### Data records
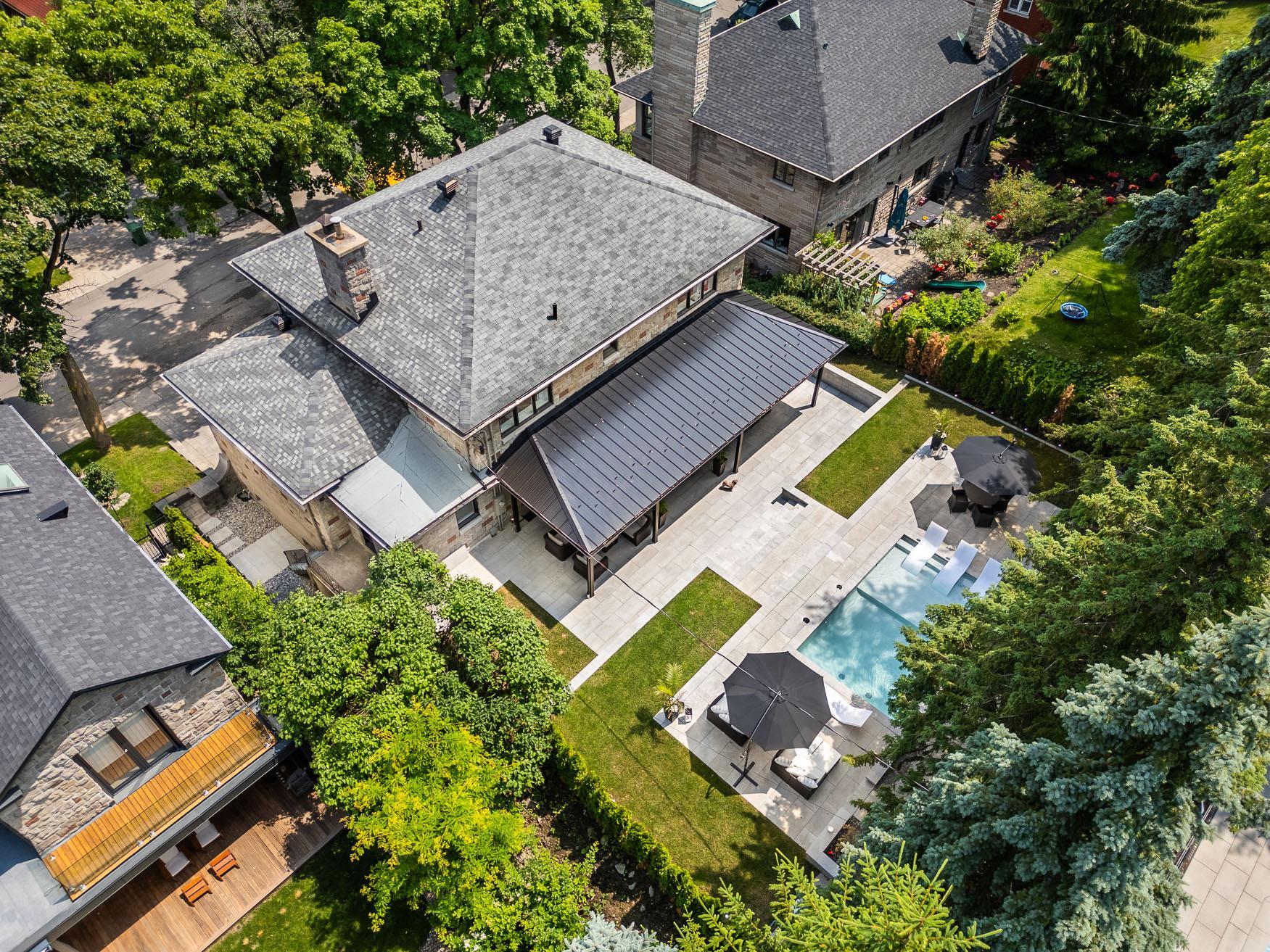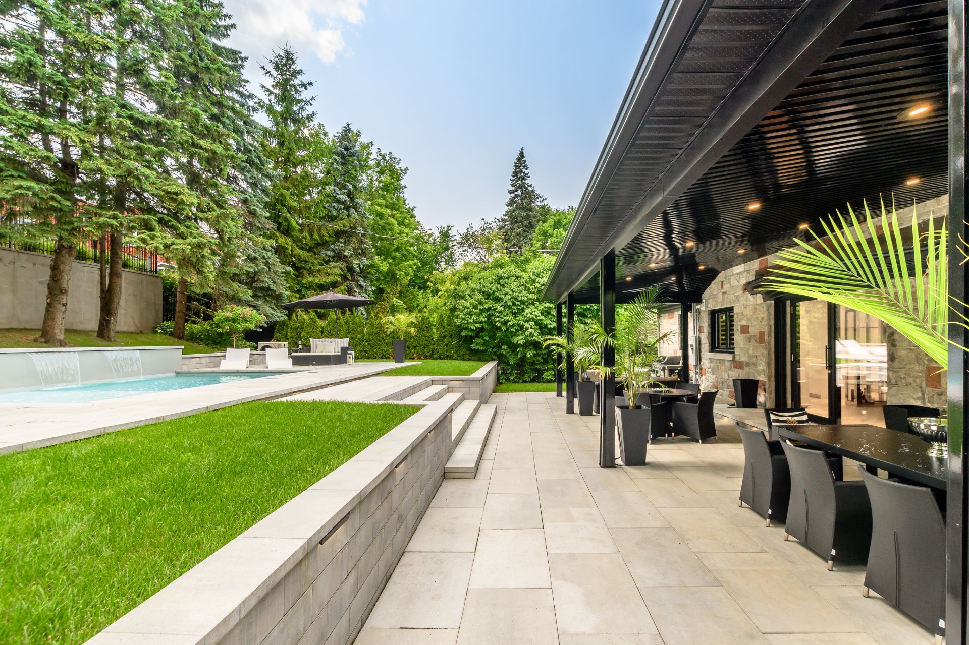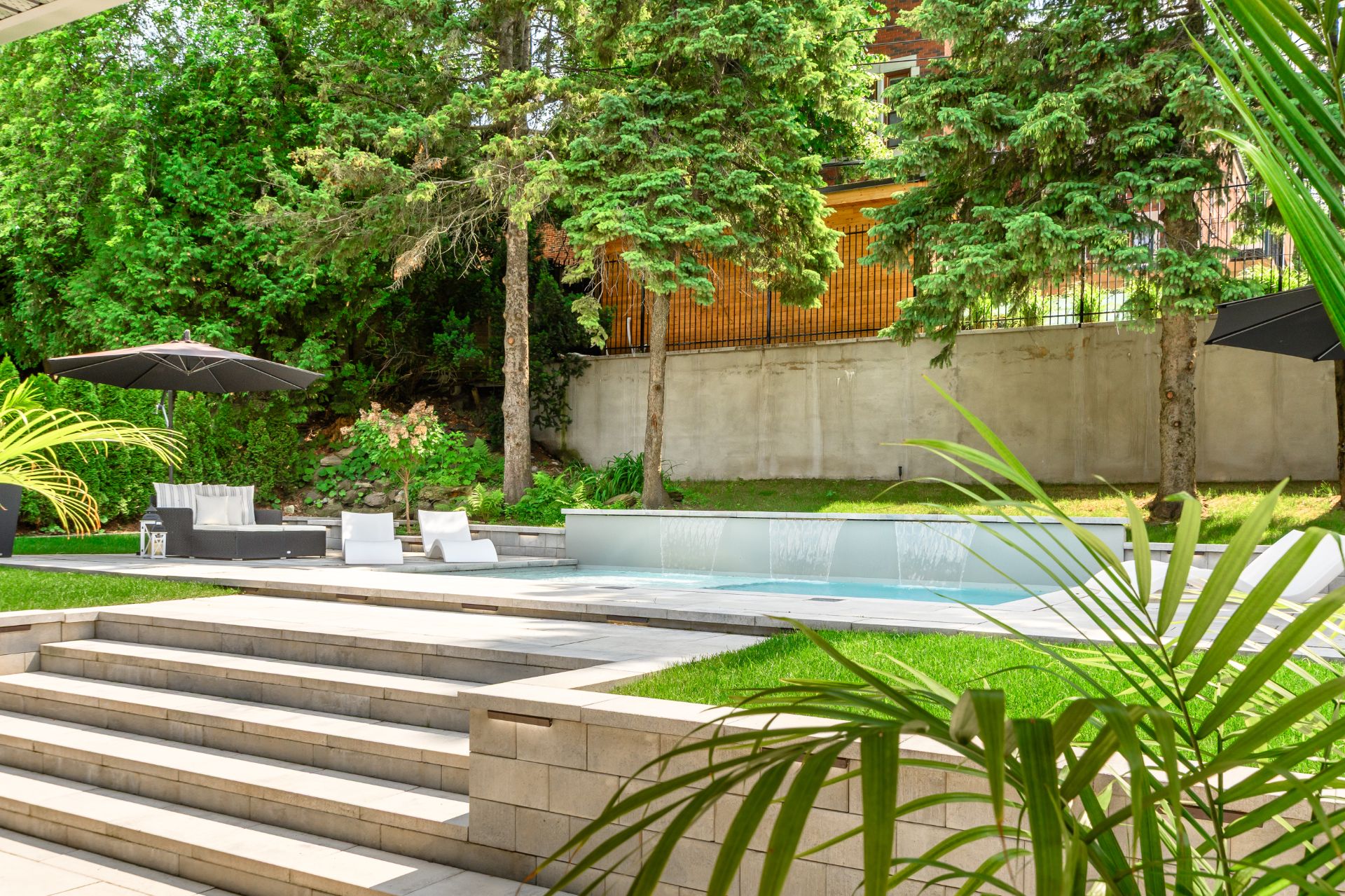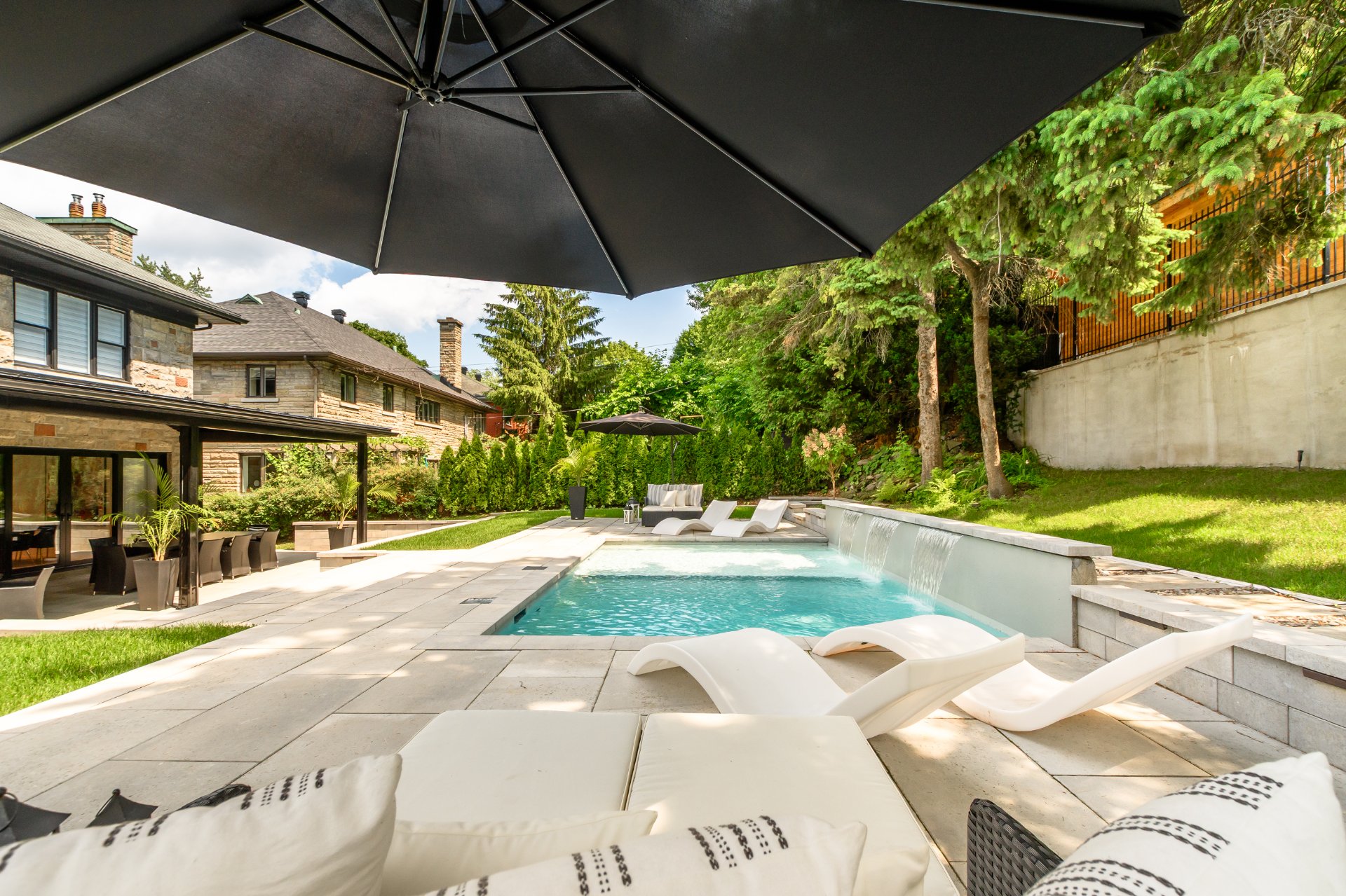 Exterior: Located in prestigious Haut-Outremont on over 10,000 sqft of land, this property’s backyard is strategically oriented to enjoy maximum sunlight throughout the day. The concrete in-ground pool is flanked by two uni-stone terraces, offering a luxurious outdoor experience. A covered terrace provides ample space for both dining and lounging, ideal for entertaining or relaxation.
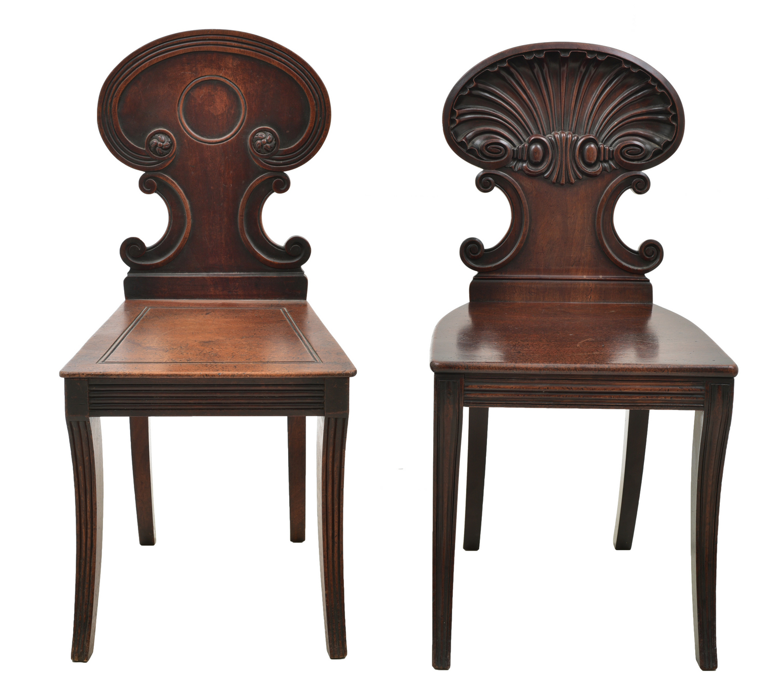 TWO SIMILAR VICTORIAN MAHOGANY FRAMED HALL CHAIRS
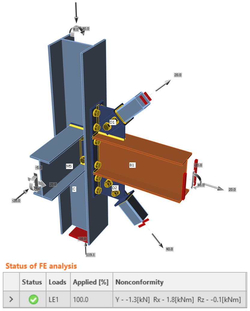 • We export it to IDEA StatiCa, input loads, and perform a code-check
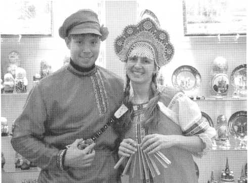 І насамкінець, пропонуємо читачам уважно подивитися на подану нижче світлину. Чи багато російського міститься у розпропагованому “російському стилі”? Прусський картуз і монгольська косоворотка на юнакові (про це йшлося у попередньому розділі), персидський сарафан і фінський кокошник на дівчині та на додачу ще і японський бог — мотрійка на задньому плані.
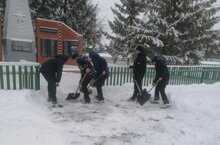 В преддверии Дня неизвестного солдата учащиеся школы провели расчистку снега на территории обелиска павшим воинам ВОВ.
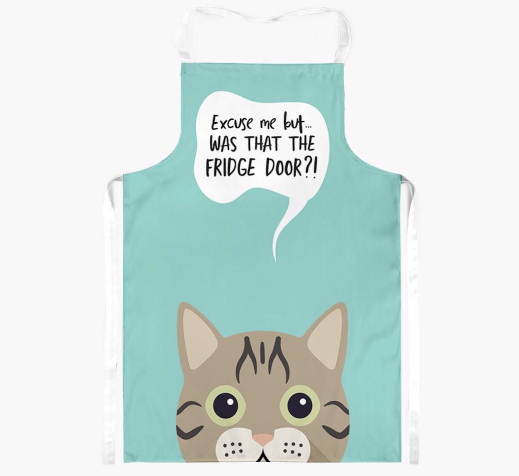 Featuring your cat's cheeky icon and available in five eye-catching colors, this apron is a must-have for parents of greedy kitties!
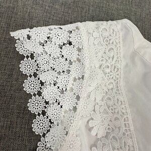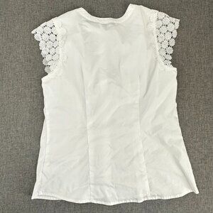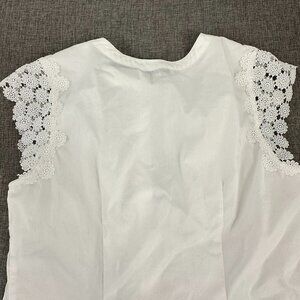 Calligraphie Button Down Top White Floral Embroidered detail Cap Sleeve Medium
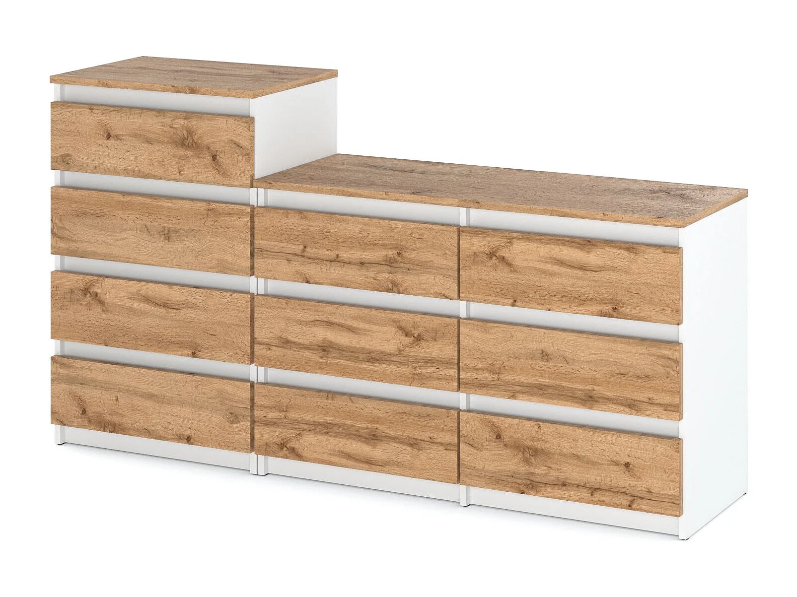 Grande commode avec 10 tiroirs Blanc + Chêne Wotan 160 cm – meuble TV, buffet, armoire pour salon
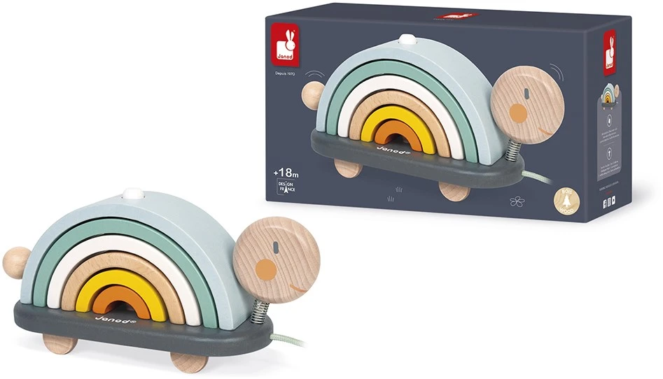 Janod – Sweet Cocoon Nachziehtier Schildkröte “Regenbogen” – Lernspielzeug aus Holz – 6 Stapelbare Holzbögen – Holzspielzeug mit Farben auf Wasserbasis – Nachziehspielzeug – Ab 18 Monaten, J04405
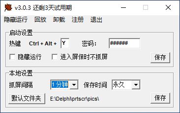 自动截屏(不是录像,不占内存,不影响电脑运行) 可设置每隔5秒~60分钟截屏一次 开机自启动(如不能自启动,请调节UAC设置) 支持隐藏运行(删掉桌面快捷方式,不留痕迹) Ctrl+Alt+Y调出软件界面,详细教程 记录查询:软件菜单-记录-打开记录文件夹查看
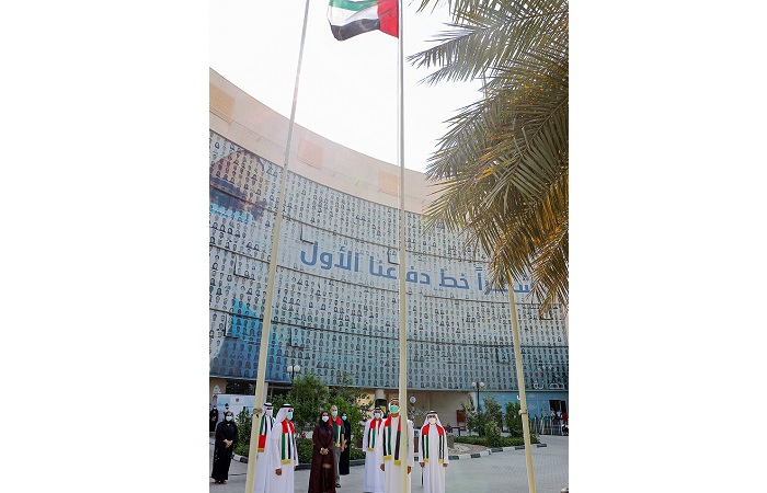 The ceremony was held in response to the call of His Highness Sheikh Mohammed bin Rashid Al Maktoum, Vice President and Prime Minister of UAE and Ruler of Dubai, to all institutions, ministries, bodies and schools celebrate the Flag Day on November 3, an event that coincides with the anniversary of President Highness Sheikh Khalifa bin Zayed Al Nahyan’s assumption of office.

### WORK ORDER
Print once more, exactly, the lines from the one with "TWO SIMILAR VICTORIAN" through the last line of the data, both ends included, without any pictures.

### ANSWER TO THIS PROBLEM
 TWO SIMILAR VICTORIAN MAHOGANY FRAMED HALL CHAIRS
 • We export it to IDEA StatiCa, input loads, and perform a code-check
 І насамкінець, пропонуємо читачам уважно подивитися на подану нижче світлину. Чи багато російського міститься у розпропагованому “російському стилі”? Прусський картуз і монгольська косоворотка на юнакові (про це йшлося у попередньому розділі), персидський сарафан і фінський кокошник на дівчині та на додачу ще і японський бог — мотрійка на задньому плані.
 В преддверии Дня неизвестного солдата учащиеся школы провели расчистку снега на территории обелиска павшим воинам ВОВ.
 Featuring your cat's cheeky icon and available in five eye-catching colors, this apron is a must-have for parents of greedy kitties!
 Calligraphie Button Down Top White Floral Embroidered detail Cap Sleeve Medium
 Grande commode avec 10 tiroirs Blanc + Chêne Wotan 160 cm – meuble TV, buffet, armoire pour salon
 Janod – Sweet Cocoon Nachziehtier Schildkröte “Regenbogen” – Lernspielzeug aus Holz – 6 Stapelbare Holzbögen – Holzspielzeug mit Farben auf Wasserbasis – Nachziehspielzeug – Ab 18 Monaten, J04405
 自动截屏(不是录像,不占内存,不影响电脑运行) 可设置每隔5秒~60分钟截屏一次 开机自启动(如不能自启动,请调节UAC设置) 支持隐藏运行(删掉桌面快捷方式,不留痕迹) Ctrl+Alt+Y调出软件界面,详细教程 记录查询:软件菜单-记录-打开记录文件夹查看
 The ceremony was held in response to the call of His Highness Sheikh Mohammed bin Rashid Al Maktoum, Vice President and Prime Minister of UAE and Ruler of Dubai, to all institutions, ministries, bodies and schools celebrate the Flag Day on November 3, an event that coincides with the anniversary of President Highness Sheikh Khalifa bin Zayed Al Nahyan’s assumption of office.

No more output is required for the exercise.